Using the data below, reproduce exactly the lines from the line with "For simplicity, the" to the line with "Inkludert i pakken: Masahiro", both included; pictures must be dropped.

##### Data shown #####

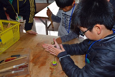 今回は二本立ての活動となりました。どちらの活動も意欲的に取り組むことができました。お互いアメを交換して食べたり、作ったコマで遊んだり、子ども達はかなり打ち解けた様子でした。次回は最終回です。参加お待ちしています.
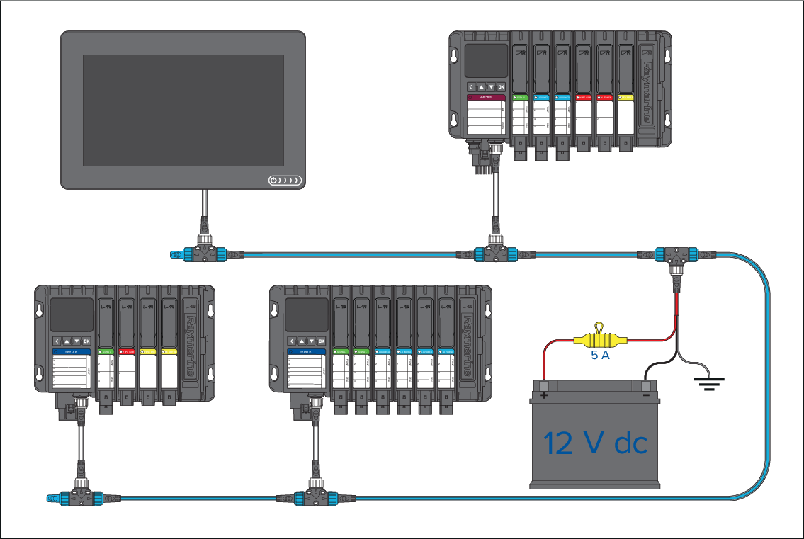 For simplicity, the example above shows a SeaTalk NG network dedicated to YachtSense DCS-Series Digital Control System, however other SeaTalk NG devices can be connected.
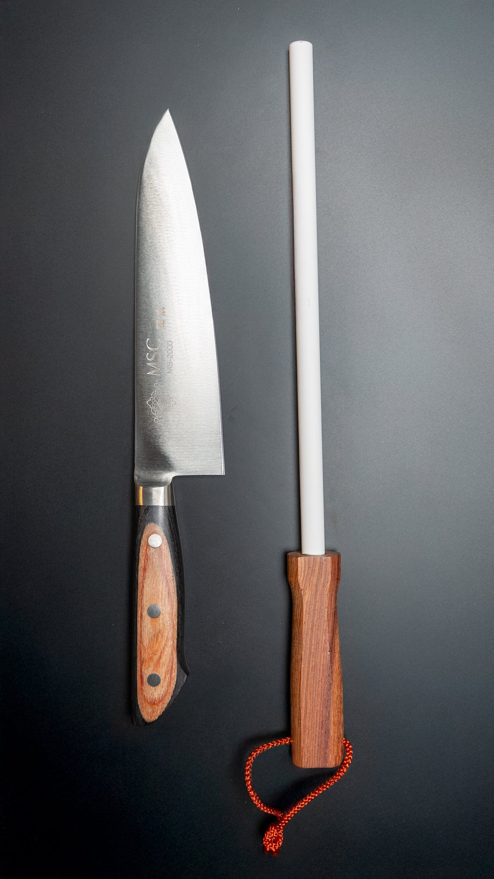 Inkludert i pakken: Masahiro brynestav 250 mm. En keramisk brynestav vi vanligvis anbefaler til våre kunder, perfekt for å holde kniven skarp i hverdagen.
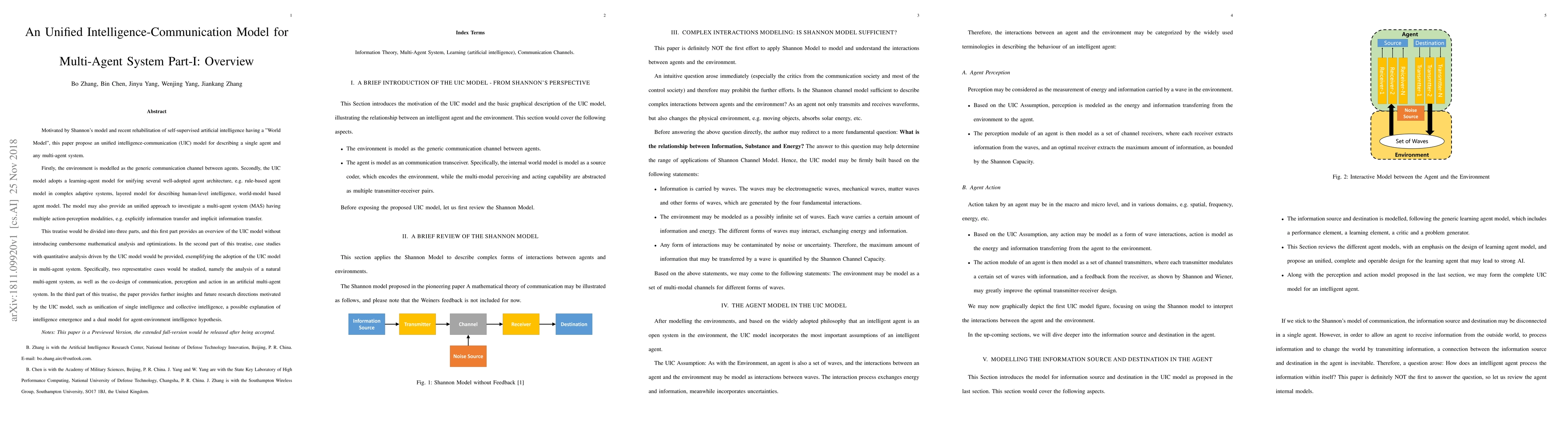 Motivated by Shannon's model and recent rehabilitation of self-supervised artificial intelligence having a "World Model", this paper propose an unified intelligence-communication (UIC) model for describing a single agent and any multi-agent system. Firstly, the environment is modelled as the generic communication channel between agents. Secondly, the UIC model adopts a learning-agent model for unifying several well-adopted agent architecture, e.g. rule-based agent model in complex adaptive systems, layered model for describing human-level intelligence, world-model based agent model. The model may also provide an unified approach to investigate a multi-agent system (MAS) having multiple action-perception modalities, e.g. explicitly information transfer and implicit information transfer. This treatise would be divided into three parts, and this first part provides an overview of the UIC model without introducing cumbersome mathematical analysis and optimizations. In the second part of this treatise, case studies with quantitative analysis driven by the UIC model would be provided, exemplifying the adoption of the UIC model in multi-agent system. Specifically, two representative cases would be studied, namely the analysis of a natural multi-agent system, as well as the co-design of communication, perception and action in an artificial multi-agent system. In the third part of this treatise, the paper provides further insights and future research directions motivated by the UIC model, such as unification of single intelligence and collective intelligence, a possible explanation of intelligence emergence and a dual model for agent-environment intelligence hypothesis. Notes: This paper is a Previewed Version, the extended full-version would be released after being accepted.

#####

=== Response area ===
 For simplicity, the example above shows a SeaTalk NG network dedicated to YachtSense DCS-Series Digital Control System, however other SeaTalk NG devices can be connected.
 Inkludert i pakken: Masahiro brynestav 250 mm. En keramisk brynestav vi vanligvis anbefaler til våre kunder, perfekt for å holde kniven skarp i hverdagen.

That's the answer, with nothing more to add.